The project was quietly developed over several weeks and went live on December 7th. Unlike many “AI-assisted” publishing platforms that rely heavily on human prompts and editorial cleanup, this system was intentionally designed to minimize human involvement. Editors define subject lanes and guardrails … the AI handles the rest.

The technical foundation is notable. Using Grok A.I. as the development engine, Pipkins Reports built a custom application programming interface that wrote its own backend logic, frontend display framework, content pipeline, and publishing automation. The system does not simply summarize articles. It searches for original reporting, confirms factual claims through additional sourcing, and rejects content where corroboration fails.

Verification, long the Achilles’ heel of automated content, was treated as a primary design constraint. The system cross-references claims using multiple independent outlets and open-source databases before proceeding. When verification thresholds are not met, articles are abandoned rather than published.

This matters. In an era where major legacy outlets routinely rush half-formed narratives into print, a machine programmed to stop when facts are thin presents an uncomfortable contrast.

Images are sourced exclusively from public-domain repositories. Headlines are generated based on relevance and reader clarity, with just a hint of sensationalism to grab readers attention. Articles are structured using standard journalistic conventions—the who, what, when, where, and how—without stylistic quirks designed to provoke outrage or favor partisan framing.

That does not mean the system is “neutral” in the dishonest, modern sense of the word. Topics are chosen intentionally by Pipkins Reports. A conservative voice is intentionally programmed into the prose. The editorial philosophy remains constitutionally conservative. What changes is the mechanism of production.

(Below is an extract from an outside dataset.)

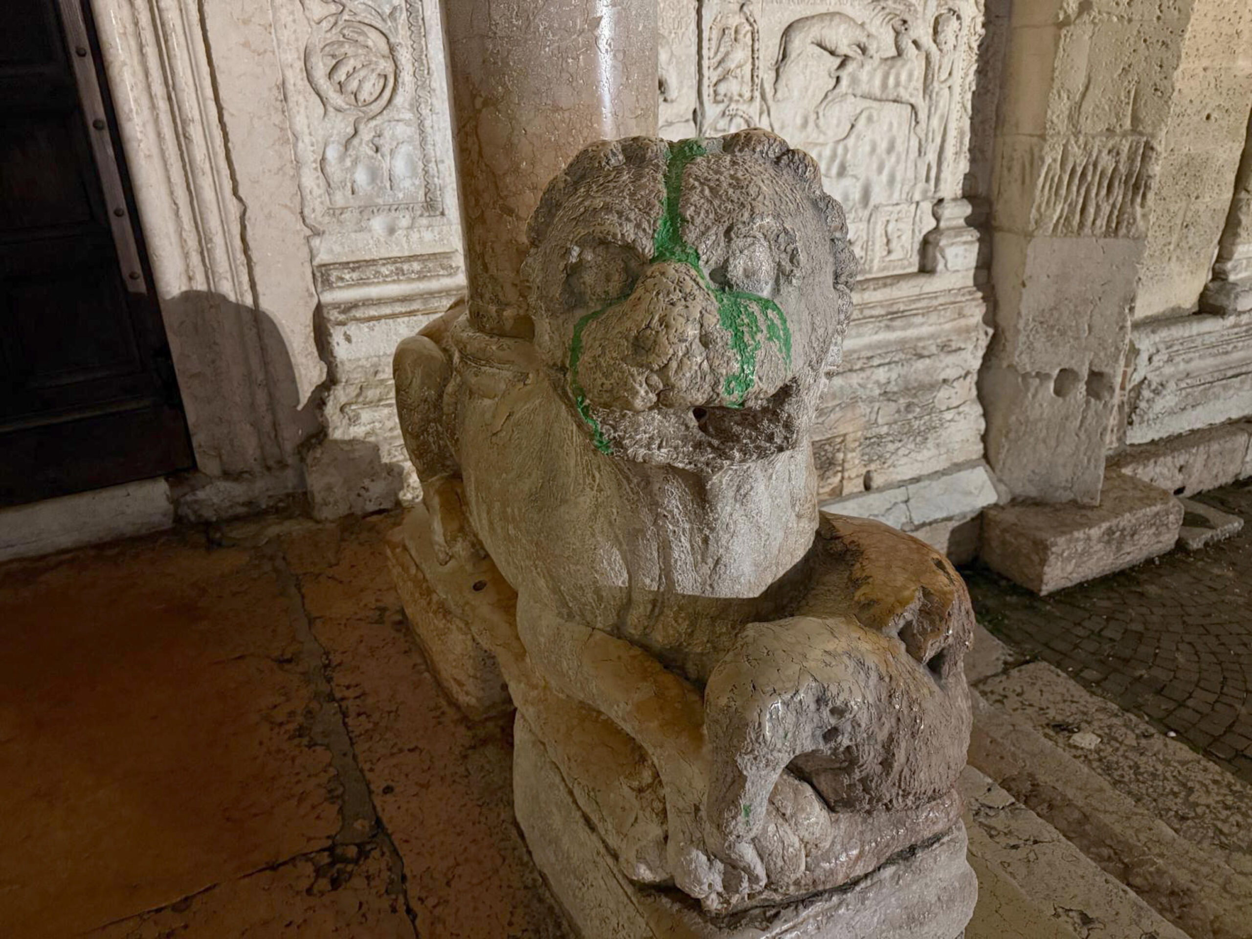 Verona, leoni imbrattati con la vernice verde e scritte pro Pal nella basilica di San Zeno: indagini in corso per individuare gli autori

The implications extend beyond Pipkins Reports.

For decades, journalism’s gatekeepers insisted that large institutional newsrooms were necessary to safeguard democracy. The cost structure of that model collapsed long ago, replaced by donor-funded nonprofits and corporate-sponsored “journalism” that routinely blurs activism with reporting. Trust eroded accordingly.

An automated newsroom challenges that monopoly. It lowers barriers to entry while maintaining discipline. It forces a hard question: if a machine can research, verify, write, and publish responsibly, what exactly are bloated editorial staffs producing besides narrative reinforcement?

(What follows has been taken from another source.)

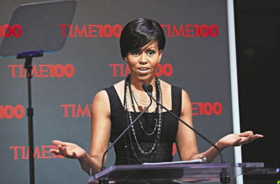 《時代》雜誌每年一度的「最具影響力百人」選舉,其09年名單上星期已公諸於世,一如以往相隔一星期後才舉行慶祝晚會,吸引許多名人參加,包括內地女星章子怡。作為新入圍分子,美國總統夫人米歇爾的受注目程度不下於丈夫奧巴馬,當她致辭時談及以巨款造益社會,望能協助非牟利團體促進國家事務,言詞得到世人認同,就知站在總統背後的女人並非只是社交花瓶。

Critics will argue—fairly—that no AI system can replace human judgment. That is true. What it can replace is the excessive labor that once justified sprawling newsrooms but now masks ideological coordination. The AI newsroom does not attend off-the-record briefings. It does not cultivate access. It does not fear losing passes, grants, or invitations.

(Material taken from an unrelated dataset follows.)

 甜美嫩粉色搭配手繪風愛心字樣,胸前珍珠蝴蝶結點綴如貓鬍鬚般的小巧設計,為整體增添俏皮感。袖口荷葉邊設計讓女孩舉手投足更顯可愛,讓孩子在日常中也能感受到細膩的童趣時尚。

That absence of social pressure may prove to be its most valuable feature.

There are risks. Automation can scale errors as quickly as truths. Systems must be continuously audited. Human editors remain necessary—not as writers, but as governors. Pipkins Reports retains final kill-switch authority. Articles can be paused, reviewed, or removed. Editorial direction remains a human responsibility.

Yet the early results are difficult to ignore. Stories are clean. Claims are sourced. Language is readable. The machine does not editorialize unless instructed. It does not chase clicks with hysteria.

That, perhaps, is the most indictment of modern journalism. When an artificial system trained to follow rules produces straighter news than institutions staffed by credentialed professionals, the problem is no longer technology.

From a conservative perspective, this development matters deeply. The press has not failed because Americans stopped caring about truth. It failed because incentives rewarded narrative conformity over accuracy. AI, paradoxically, may strip away those incentives—if controlled by publishers who still care about verification and scope limits.

Pipkins Reports did not build an AI newsroom to replace journalists. It built one to expose how unnecessary much of the modern journalistic infrastructure has become.

The future of news may not belong to the loudest voice in the room—but to the system disciplined enough to say, “This cannot yet be proven,” and publish nothing at all.